FIAN, Gertrud Falk, Email: g.falk@fian.de, Tel.: 0221 474 491 15

PowerShift, Michael Reckordt, Email: michael.reckordt@power-shift.de, 030 428 054 79 / 0163 633 63 72

For more information:

FIAN: Bauxite mining leads to environmental damage and human rights violations

PowerShift: Land grabbing for German cars

Translation of a PM of the US NGO Inclusive Development, which accompanies the complaint of the local population against the World Bank. The English original can be found here: https://www.inclusivedevelopment.net/world-bank-backed-rio-tinto-alcoa-joint-venture-relocates-guinean-village-during-covid-19-lockdown/

World Bank-backed bauxite mine in Guinea resettles local population during pandemic and violates basic human rights

(Conakry, 20 June 2020) – While the Government of Guinea had imposed travel restrictions on all municipalities, the mining company Compagnie des Bauxites de Guinée (CBG) has involuntarily relocated more than a hundred families to make way for its expansion plans near the city of Sangaredi. CBG is owned by the multinational aluminium producers Alcoa and Rio Tinto and the Government of Guinea. The expansion of the Sangaredi bauxite mine is supported by the International Finance Corporation (IFC), a subsidiary of the World Bank, and European donors, including the federal government with an Unbound Financial Loan Guarantee (UFK Guarantee). The inhabitants of the village of Hamdallaye in the Boké region of Lower Guinea have been demanding compensation from CBG for the loss of their ancestral farmland and livelihoods due to its bauxite mine for several years. They are now complaining that the mining company has relocated them to an unprepared location that lacks basic infrastructure. This includes adequate access to water, arable land and completed residential and sanitary facilities. The surprising relocation took place before the start of a long-awaited World Bank-backed mediation between the municipality and CBG, scheduled for March 2020, but delayed due, among other things, to the COVID-19 pandemic.

A report published today by the Guinean organisations Centre du Commerce International pour le Developpement (CECIDE) and Association pour le développement rural et l’entraide mutuelle en Guinée (ADREMGUI) and the US-based Inclusive Development International documents how CBG’s relocation of the village of Hamdallaye violates the environmental and social requirements of the International Finance Corporation (IFC), the World Bank’s lending body for the private sector. The IFC financed the expansion of CBG together with US, German and French public and private lenders.

Unlike its former village in the countryside, the resettlement area lies on a refilled waste dump, without trees or topsoil, making the land inhospitable and offering the displaced families no shade from the intense heat.

"Without a cultivable land, economic activity has been virtually impossible since our expulsion," said Mamadou Lamarana Bah, a community representative from Hamdallaye. “The consequences of the loss of their land and livelihoods are disastrous for the living conditions of the villagers. Most people have run out of money. Some were forced to migrate to the surrounding villages... or to the border with Guinea-Bissau to extract coal.

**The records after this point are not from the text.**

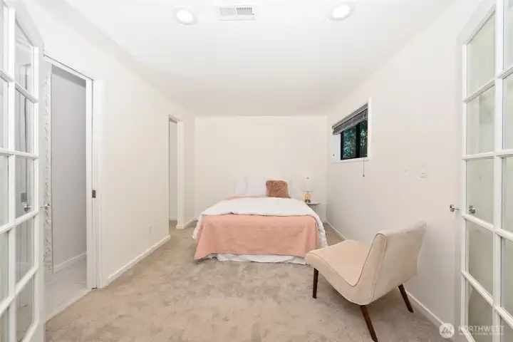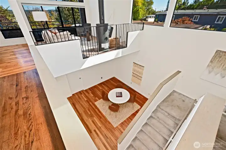 'Modern Treehouse' this dramatic NW Contemporary home features soaring ceilings, wide plank wood floors, updated kitchen & large picture windows. Located atop a tranquil curved hill for a private & serene natural setting. Eastern views to Lake Wash & Cascade Mtns. The main bedroom level features oversized primary w/shared bath, huge closet & private office space. 2nd bedroom & open bonus room on this level for media, play, relaxing. 2nd Lower level offers a huge flex room (recreation, hobby, exercise..) plus a garden guest suite w/new .75 bath. Step out to enjoy luxe sauna, entertaining patio & whimsical yard w/room to play, garden & enjoy everything outdoors. Artisan in its soul resulting in a cozy & down-to-earth place to call home!
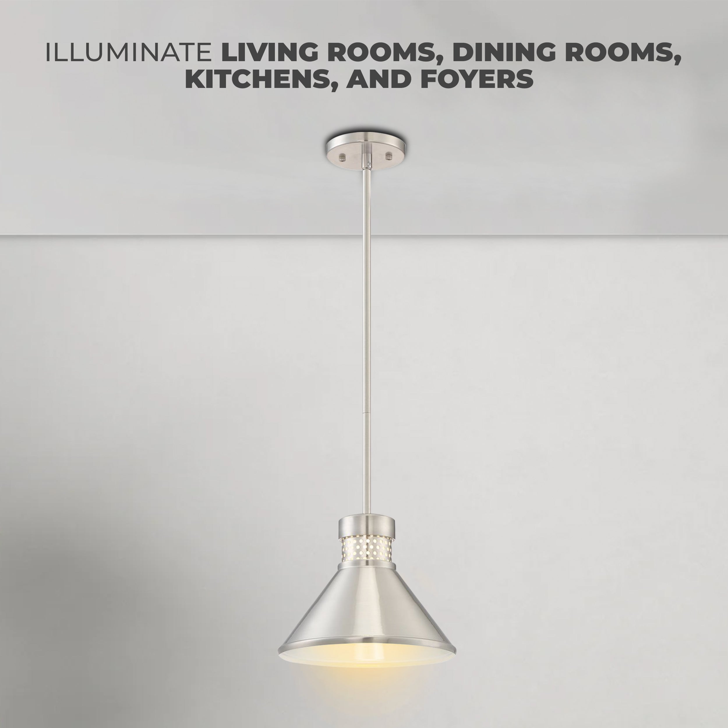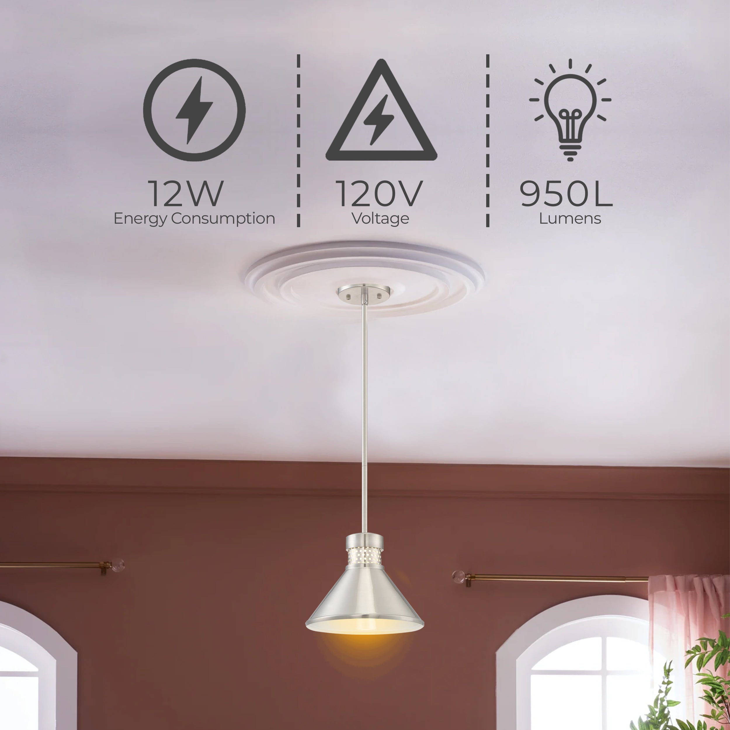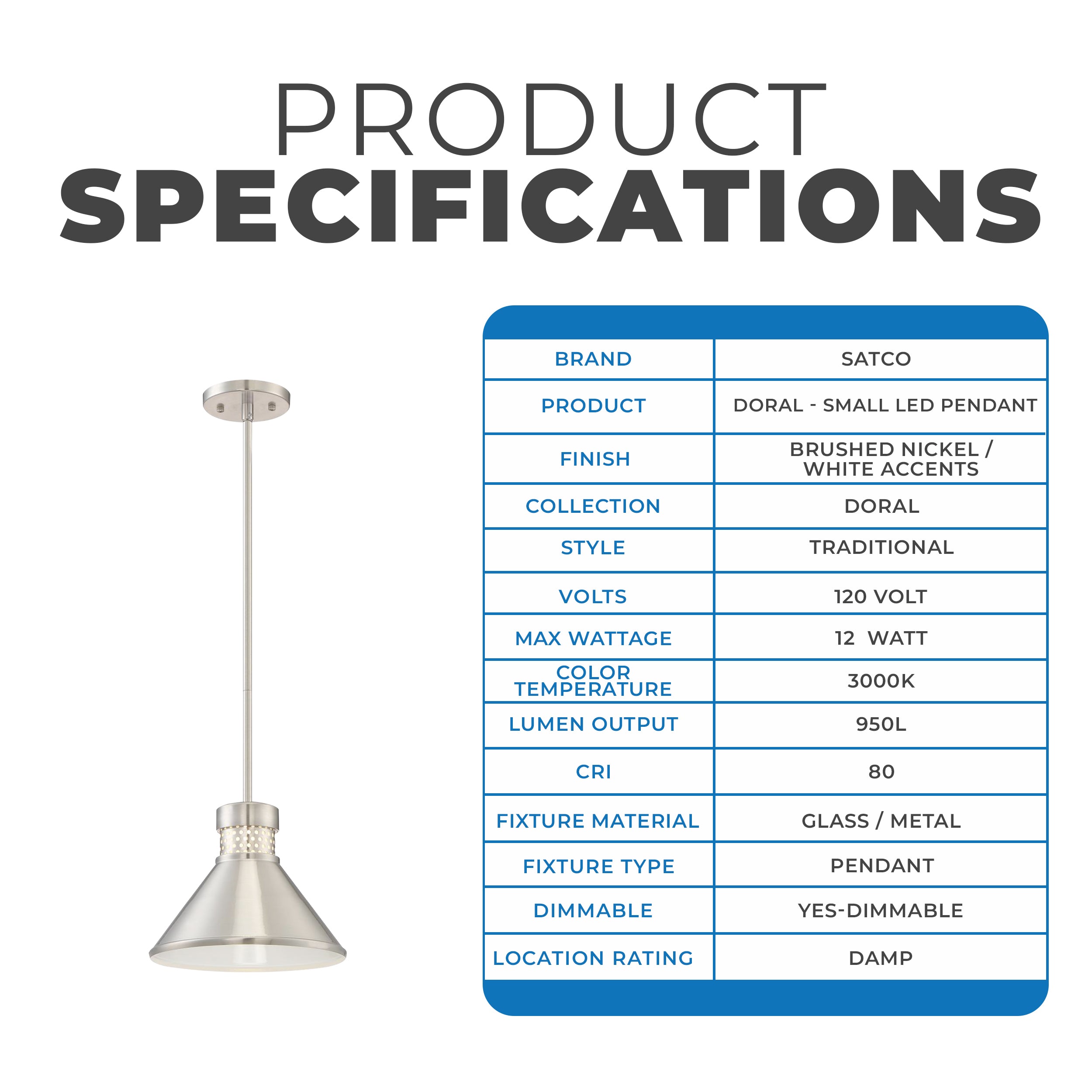 NUVO Lighting 62/851 LED Fixture Doral - Small Pendant, Brushed Nickel / White Accent Finish, 12 Watt, 3000 Kelvin, Warm White, 950 Lumens, Connector Base, 120 Volt, Dimmable
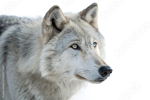 © Faizan, Fototapeta premium Beautiful grey wolf showcasing its unique dual-colored eyes, blue and yellow, in a serene, high-key setting
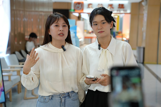 活動當天,特別邀請了傳媒系青年教師楊華和楊慧霞老師擔任主播,她們以熱情洋溢的講解和生動有趣的互動,帶領鏡頭前的觀眾們開啟了一段精彩的校園之旅。直播從新傳媒與藝術學院的南二創意樓開始,主播們詳細介紹了新傳媒與藝術學院的辦學理念和展廳中的優秀學生作品,及學院的優秀學生,讓大家對新傳媒與藝術學院有了初步的認識。
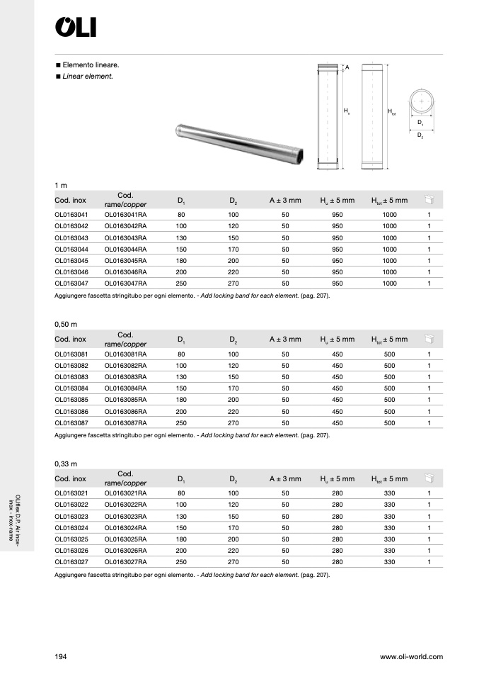 Aggiungere fascetta stringitubo per ogni elemento. - Add locking band for each element. (pag. 207).
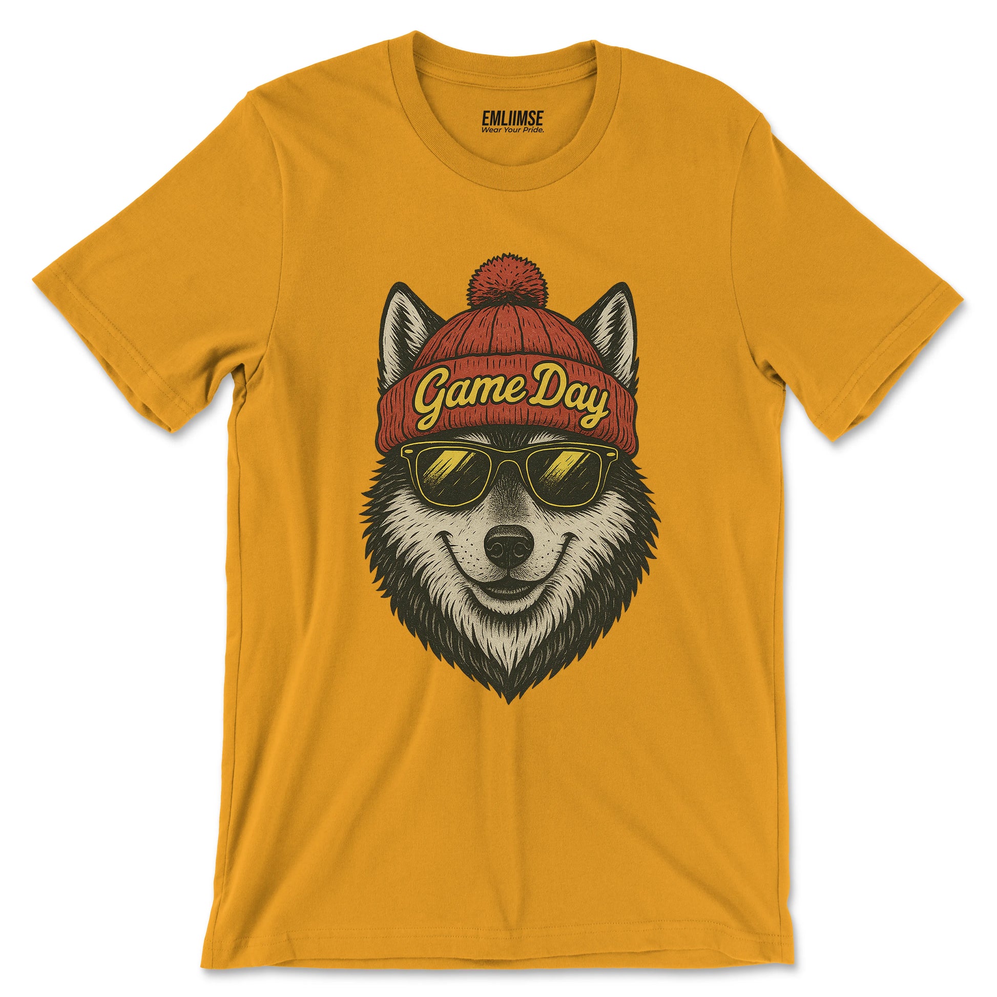 Playful and proud — this wolf design shows off loyal pack energy and fan spirit.
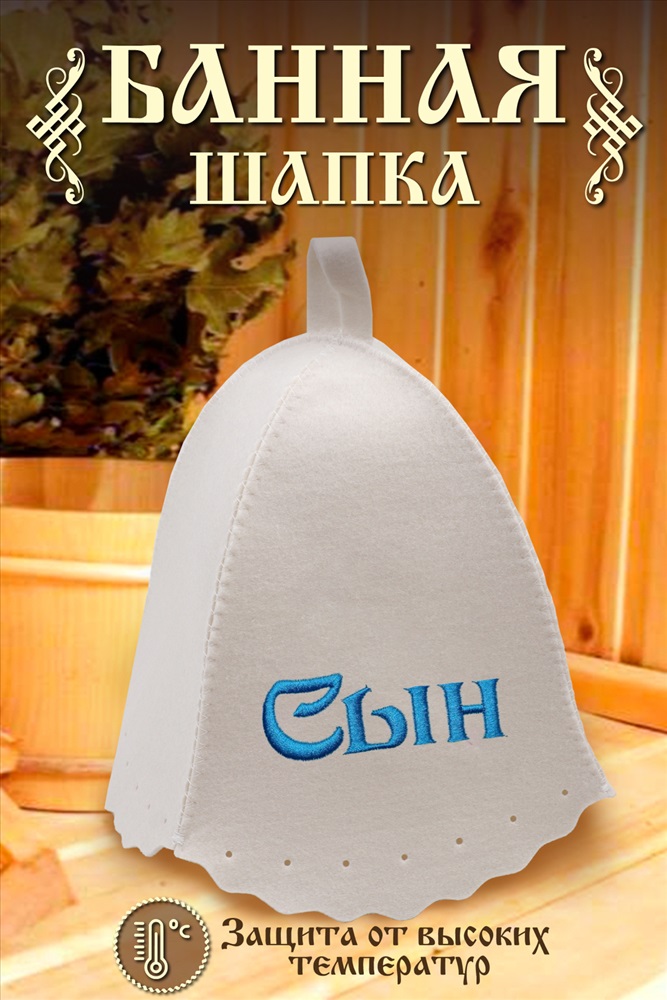 Шапка для бани изготовлена из натурального войлока и имеет универсальный размер, что делает ее удобной для ношения в бане или сауне. Головной убор защитит вас от перегрева во время СПА процедуры. Банная шапочка имеет красивую качественную вышивку Сын
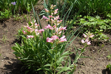 Light pink tubular flowers of beardtongues in May

The company violates international standards and its obligation to lenders to compensate residents with equivalent alternative farmland for the land it has taken from them in recent years. CBG appears to have earmarked a 56-hectare parcel near the resettlement area for income-generating activities. However, an independent monitoring report commissioned by CBG’s financiers in 2019 found that this land parcel, like the relocation area, is an unrehabilitated former mining area unsuitable for agriculture. It is not nearly as large as the area taken from the mine by the municipality of Hamdallaye. Satellite images analysed for the report show that CBG has taken over 1000 hectares (10 square kilometers) of Hamdallaye's ancestral farmland since 2005.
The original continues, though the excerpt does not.